SIFT features extraction (#6 above)

Going to try extracting features at 3 different scales and generating 3 different appearance models. This will have a few advantages

  • Find out which level (if any) is doing the most work
  • Capture a broader range of scales without "diluting" them all up during matching
    • For example, Jim often points at very small features in walls
    • Each scale will now have its own customized vocabulary
  • May need fewer features overall, therefore faster extraction at test-time
getsift(f,'scales',[16 14],'s',[12 12],'frame',.5);
getsift(f,'scales',  [8 7],'s',[18 18],'frame',.2);
getsift(f,'scales',  [4 3],'s',[24 24],'frame',0);

Which look like this:

Sift16 14.png
Sift8 7.png
Sift4 3.png


See siftpollen.m: (keeps backwards-compatibility with current syntax)

switch feature_mode
  case 0 % features used originally
    scales= [6 2];   grid= [48 48];  frame=1.0;
  case 1 % larger scale (worked better)
    scales= [8 4];   grid= [48 48];  frame=1.0;
  case 2 % new large scale
    scales= [16 14]; grid= [24 24];  frame=0.5;
  case 3 % new medium scale
    scales= [8 7];   grid= [24 24];  frame=0.2;
  case 4 % new small scale
    scales= [4 3];   grid= [24 24];  frame=0.0;
end

Note: grid values must be divisible by 4 in SPM.
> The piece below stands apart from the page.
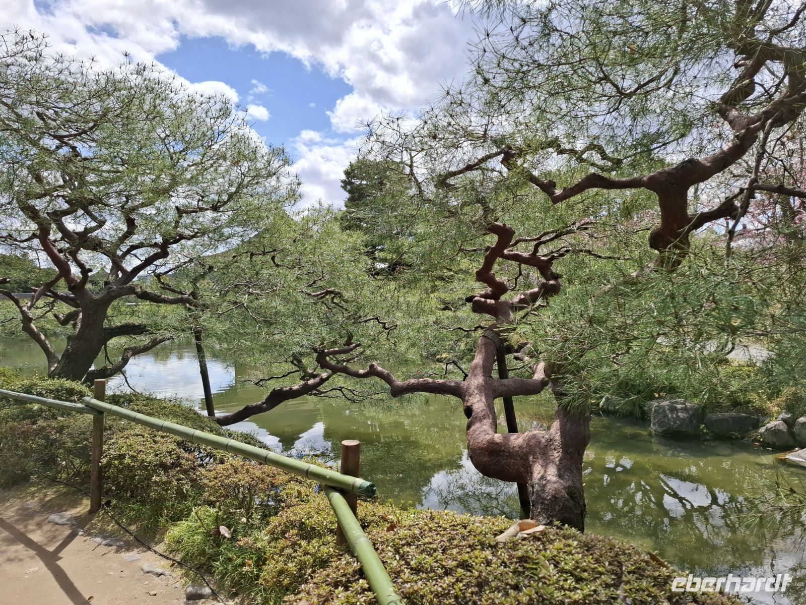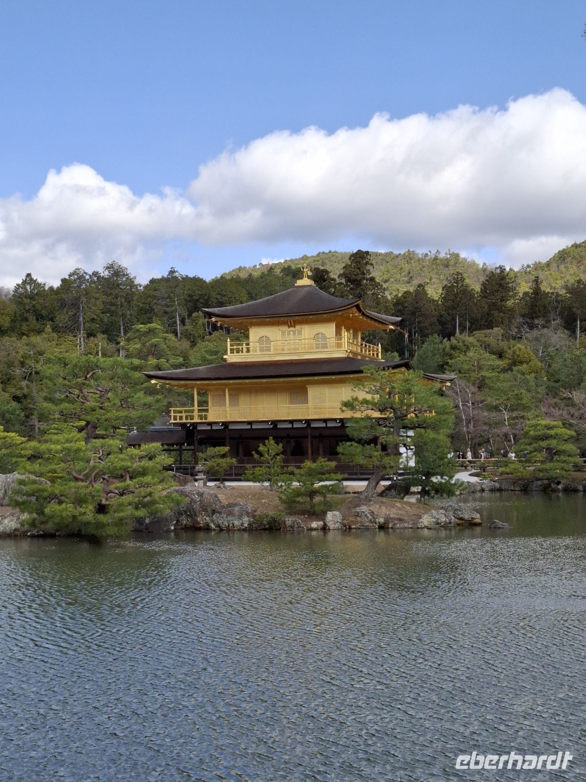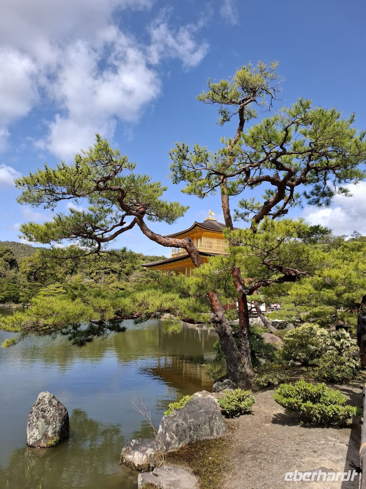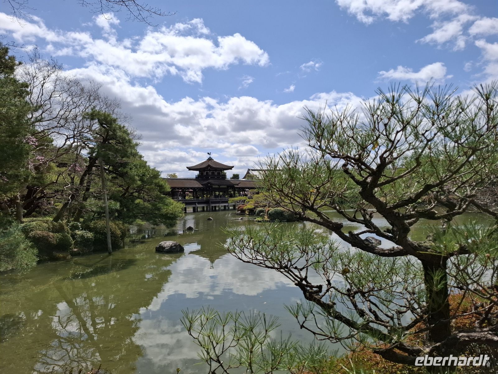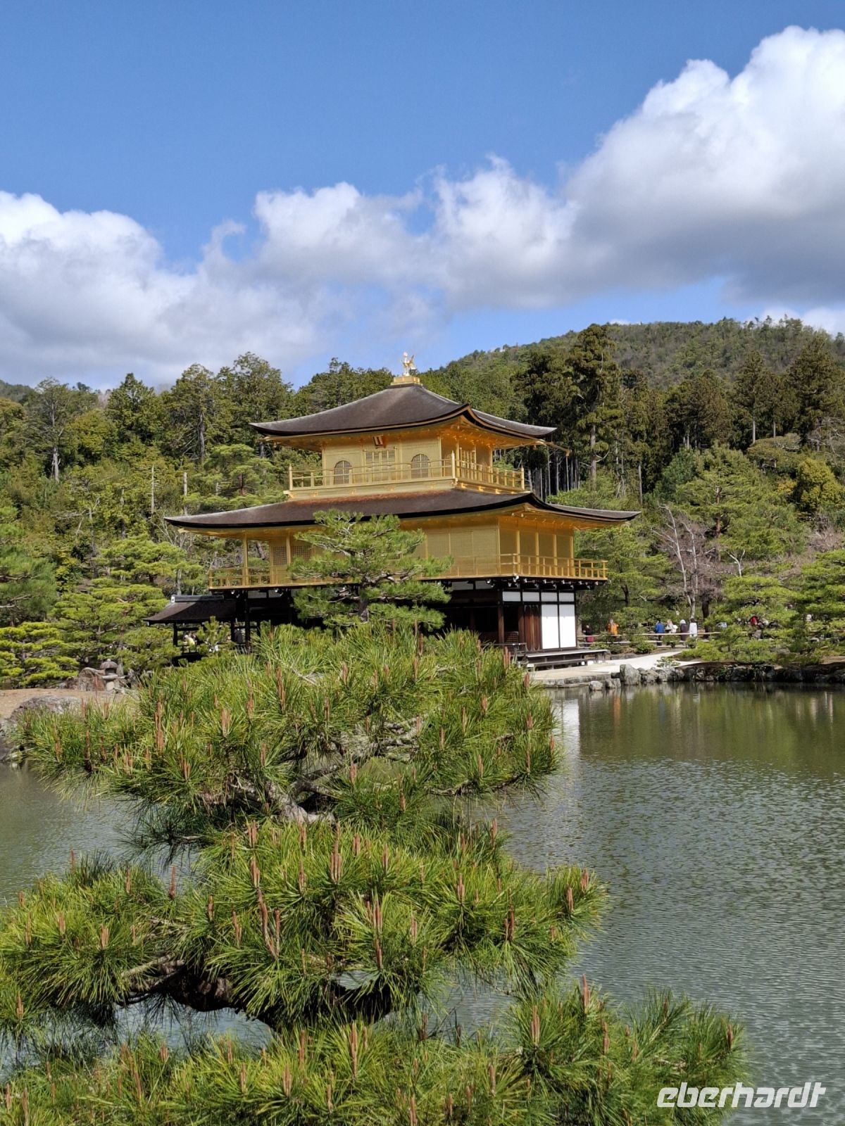 Der letzte Ausflugs-Tag auf unserer Rundreise durch Japan ist angebrochen. Zum vorletzten Mal lauschen wir der Weisheit des Tages und steigen dann am Parkplatz des Ryoanji-Tempels aus. Nach dem Ticketkauf besichtigen wir den Ryoanji-Tempel und platzieren uns auf der Holzveranda um den Ausführungen Gudruns zu lauschen. Dabei blicken wir auf den minimalistisch angelegten Garten, der von der Holzveranda aus abgeht. Gudrun führt uns weiter durch die Anlage dieses Zen-Gartens. Durch einen Gang mit alten Bäumen und entlang kleinerer Pfade führt Sie uns sicher an den Schönheiten dieser Anlage vorbei. Unser nächstes Ziel ist der nur rund 5 Minuten entfernt gelegene Kinkakuji-Tempel, der auch unter dem Namen "Goldener Pavillon" bekannt geworden ist. Der Tempel ist vollständig mit Blattgold bedeckt, was ihm einen ikonischen Glanz verleiht. Hier sind nun schon sehr viel mehr Menschen mit uns in der Anlage und gemeinsam strömen wir zum Teich, von wo aus wir den besten (Foto)Blick auf den goldenen Pavillon genießen. Leider haben wir nicht das ganz so große Glück, das Spiegelbild des Pavillon im Teich zu erblicken, da der Wind leichte Wellen erzeugt aber an einer Stelle am Wasser haben wir ein Kleinbild des Tempels im Wasser erblicken können. Die letzte Anlage auf unserer Rundreise ist der Besuch am Heian-Schrein. Er wurde im Jahr 1895 errichtet und feiert somit in diesem Jahr sein 130jähriges Bestehen. Wir betreten durch das imposante rote Torri-Tor und schlendern auch hier durch die schön gestaltete Gartenanlage. Der Garten ist sorgfältig angelegt und vereint verschiedene Elemente traditioneller japanischer Gärten wie zum Beispiell Teiche, Brücken, Bambushaine und steinerne Wege. Auch hier bewundern wir die wunderschönen Kirschblüten, die in der Sonne tanzen.

Testing these features now:

cd ~/pollen/mar/sift9/large; 
cats=getcategories; 
cats([7 8 11 15 17])= []; 
rand_seed(1); % very important if summing match kernels later!
histpollen('../hist9/large/1',cats,50,50,100);
trainpollen(50,50,100); 
svm1= testpollen(50,50,100);


...and so on for medium and small. The thinking is that, since the features are not being smeared over many scales, that nwords=100 will now capture enough distinctive features (not to mention, it's faster).

Oct 14

Meeting with Jim

On meeting with Jim and talking this over, I think I have a notion of why the small features seem to contribute very little. I'm adding a parameter thresh=0.5 which will keep it from matching images based on how much whitespace they contain. As you might imagine, this will vary a bit between the training set (where boxes are determined by a human) and the testing set.

See examples below:

f='palm/April06c_00190.jpg'
getsift(f,'scales',  [4 3],'s',[24 24],'frame',0,'thresh',xxx);
thresh=0.0
thresh=0.5
thresh=1.0


Note that larger-scale features are hardly affected because the gaps are usually so small that bigger features don't see them.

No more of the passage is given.